The country park is situated approximately 3 km south of Wokingham and is bounded by Arborfield Garrison to the west, California to the east, the Nine Mile Ride to the south, and what was once Barkham common to the north. The site covers 150 acre features a 6 acre lake.

The park features a ferruginous swamp, Longmoor Bog, caused by a bacterium that deposits rust-coloured iron hydroxide.

==History==
In 1931, it was established as an amusement park and zoo by Alfred Cartlidge and was called 'California in England'. Cartlidge built the park so that he could use his Teddington-based Charabanc company to take parties of people from London to the countryside. The miniature railway was initially laid out to ten and a quarter inch (260 mm) gauge but was soon changed to 18 inch and this lasted until the outbreak of the Second World War when the park closed and all the buildings were used for the manufacture of munitions for the aircraft industry. Cartlidge reopened the park after the war and set about developing the rides many of which were designed and built onsite, including the Snake Train. The railway was re-established as 18 inch gauge using a petrol-powered locomotive. His son, Norman, took over in the early 1950s and continued the development of the site. At this time, the original miniature railway terminus station was moved to the outer north-western edge of the extended play and rides area. The track was extended across the bog and had a point installed with the intention of constructing a loop. Trackwork was never completed beyond the apex of the loop, and it is here that after the park closed the last loco on the line was run off into the swamp. The cleared area between the railway and the original rides was developed with extra rides. There was a small carousel, a full size chairoplane, climbing frame, swing boats, and a concrete oval track.
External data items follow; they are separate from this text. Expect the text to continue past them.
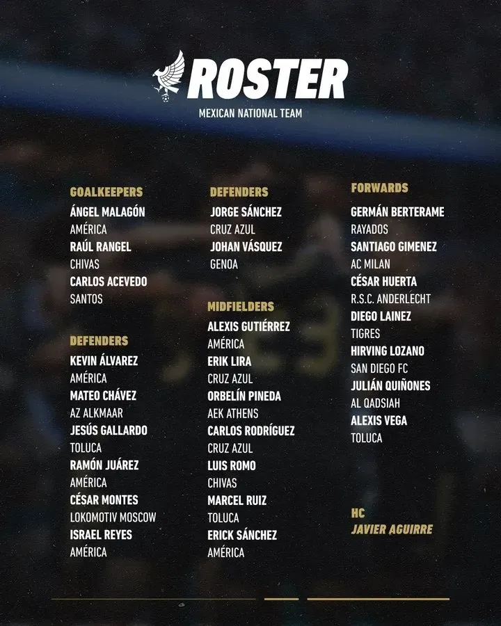 La espera terminó: Javier Aguirre reveló finalmente la lista de jugadores convocados para los próximos compromisos amistosos de la Selección Mexicana, en los que se medirá ante Colombia y Ecuador durante la fecha FIFA. Tras días de incertidumbre por posibles bajas y lesiones, dos futbolistas de Chivas fueron considerados para formar parte del combinado nacional.
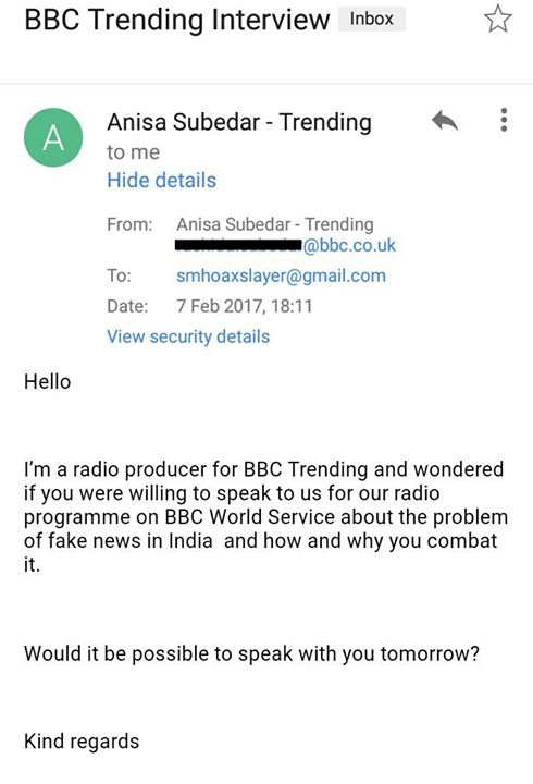 Ok, just ended the interview, with Anisa Subedar, Producer of BBC Trending radio show from United Kingdom. It lasted around half an hour. It was on Skype, so cudn’t record, but I think, I did good. They will air it next week in UK, will share the link here then. https://www.facebook.com/SMHoaxSlayer/photos/a.147357335599672.1073741828.140690692933003/422049728130430/?type=3
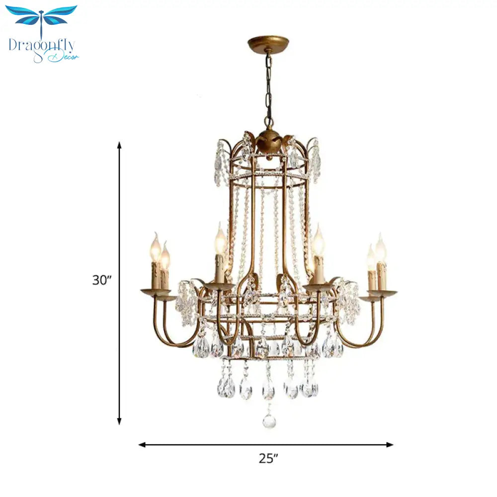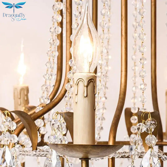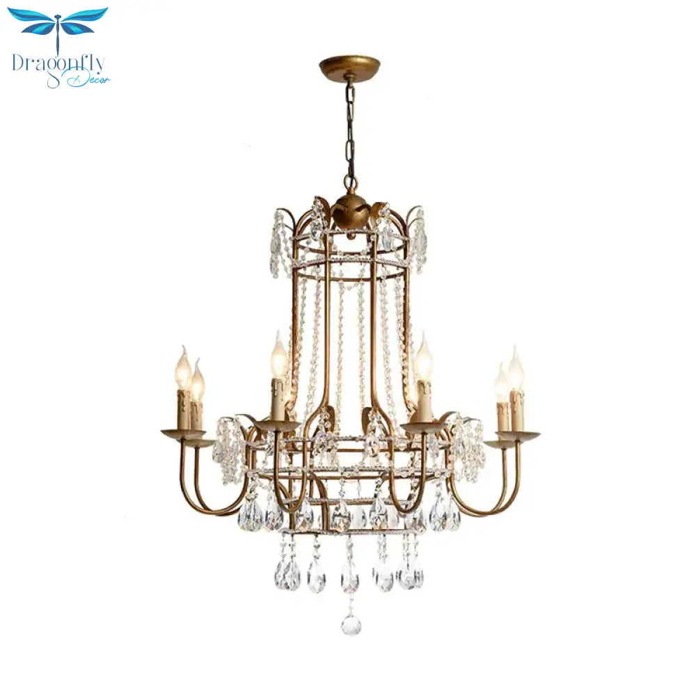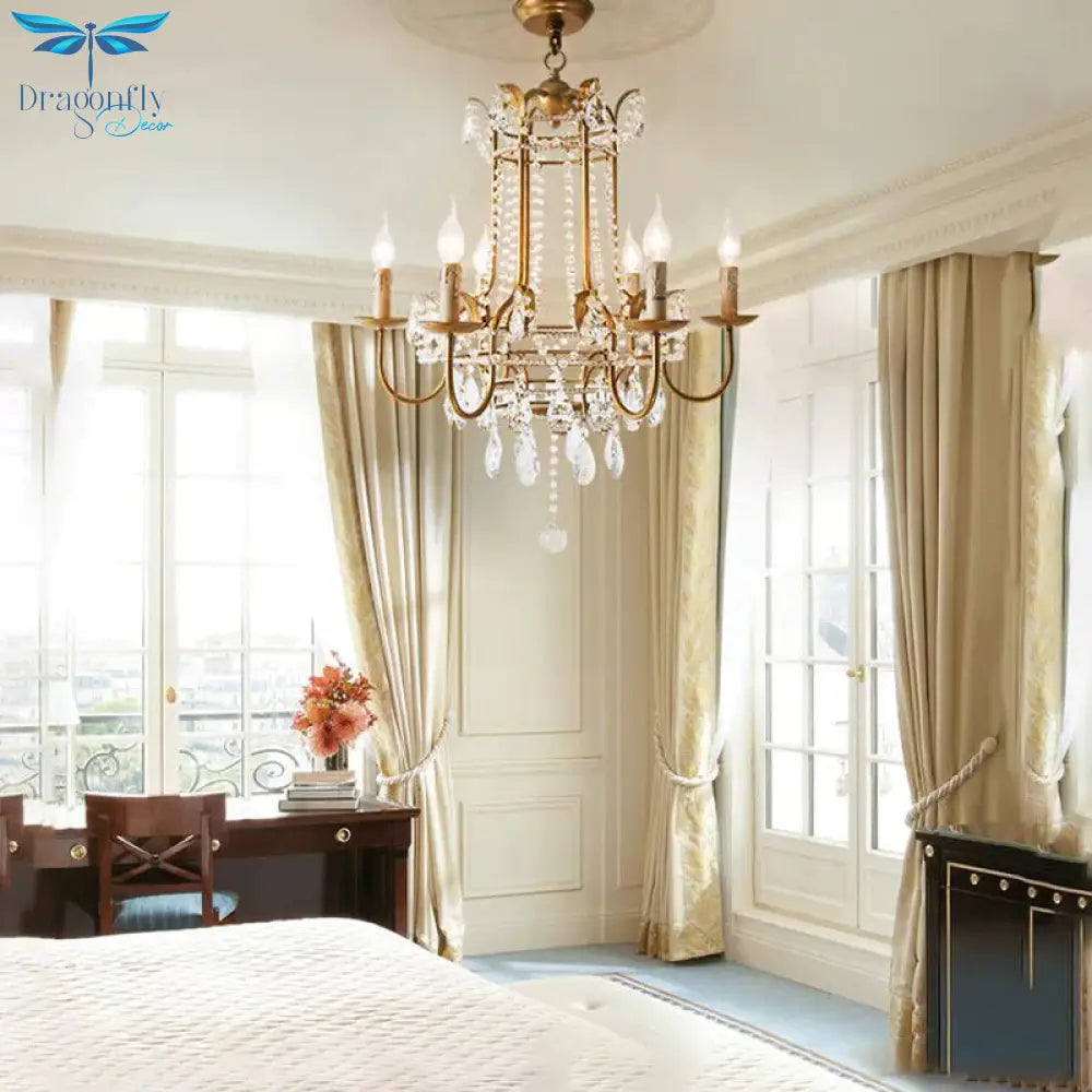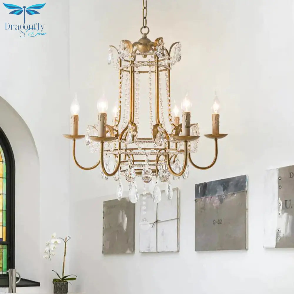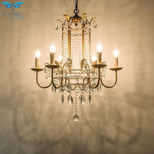 Curved Arm Metal Chandelier Lamp Traditionary 6 Heads Brass Hanging Pendant Light with Clear Crystal Drop
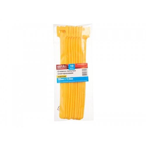 54537 Стяжка-липучка многоразовая 200*12 /10 шт (желтая), Netko
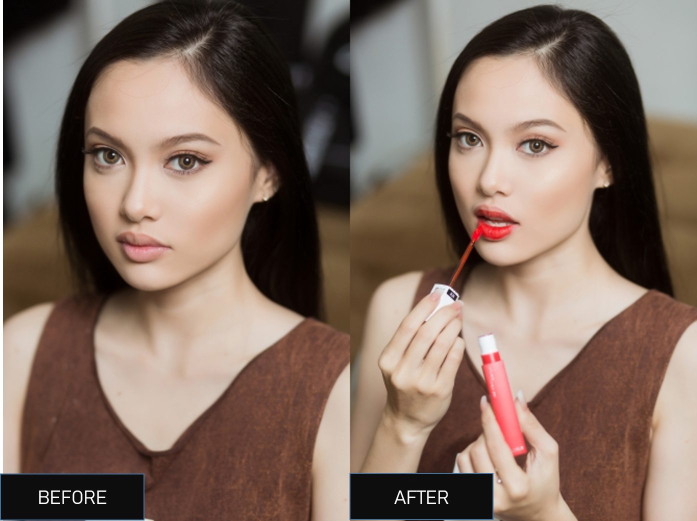 Gương mặt chưa đánh son và sau khi đánh son thật khác biệt phải không nào?
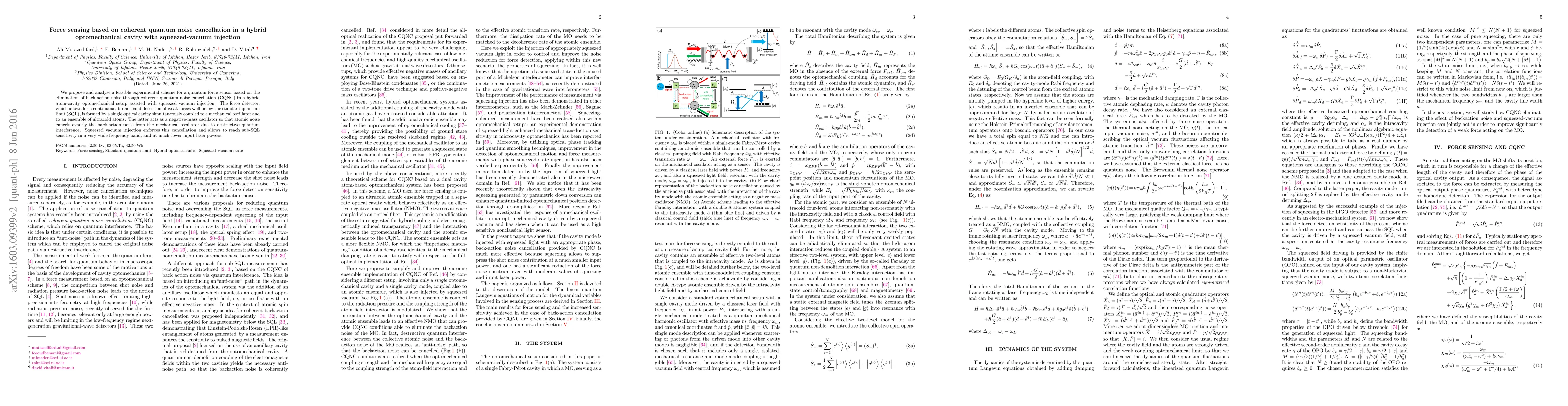 This paper proposes a quantum force sensor utilizing coherent quantum noise cancellation in a hybrid optomechanical cavity, where squeezed vacuum injection enhances sensitivity below the standard quantum limit. The setup involves a single optical cavity coupled to both a mechanical oscillator and an ensemble of ultracold atoms, achieving broad-band detection of weak forces.
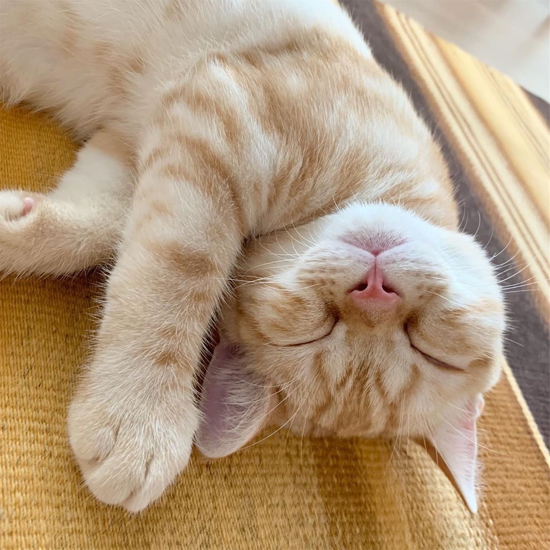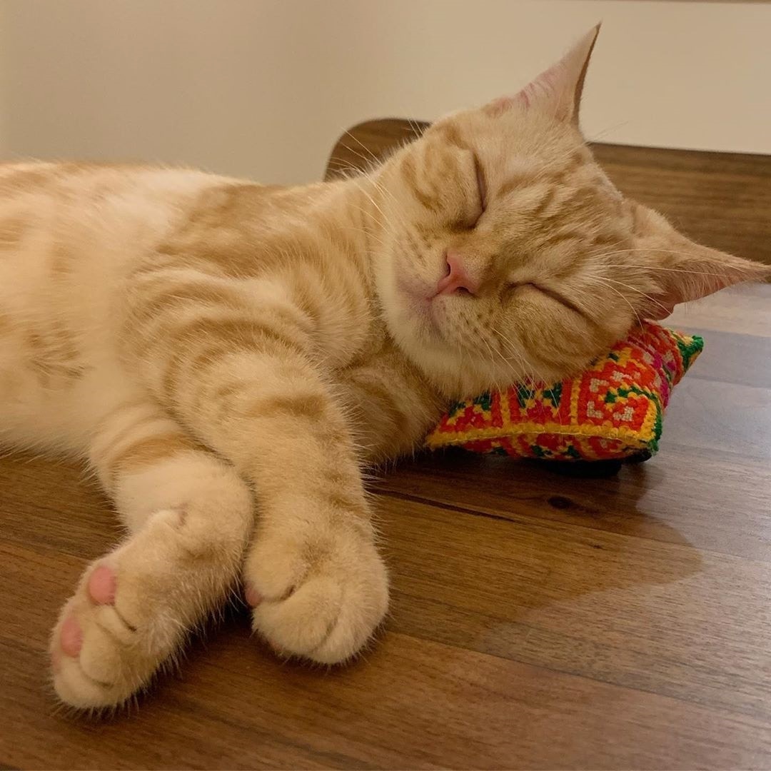 主人幫忙按摩時,貓咪舒服到睡著的模樣好可愛。主人也很專業,從爪爪到肩頸,連耳朵都按了,服務很周到啊~

The latter was initially intended for petrol driven go-karts but these were replaced by children's pedal cars of the Austin J40 and Pathfinder type. The removal of the original railway station opened up access to a further area of scrub which was cleared to provide a site for a circus which operated each summer for several years. The Art Deco main building, built around 1937, included a sprung glass-floored ballroom over the restaurant. This structure was destroyed by fire in 1976.

From the 1930s to the 1950s the park was home to a speedway track. The Reading and District Motor Club ran a series of meetings in 1939, on the dirt track laid out in a remote corner of the estate. Later from 1954 to 1956, a local speedway team, the California Poppies, rode on the track.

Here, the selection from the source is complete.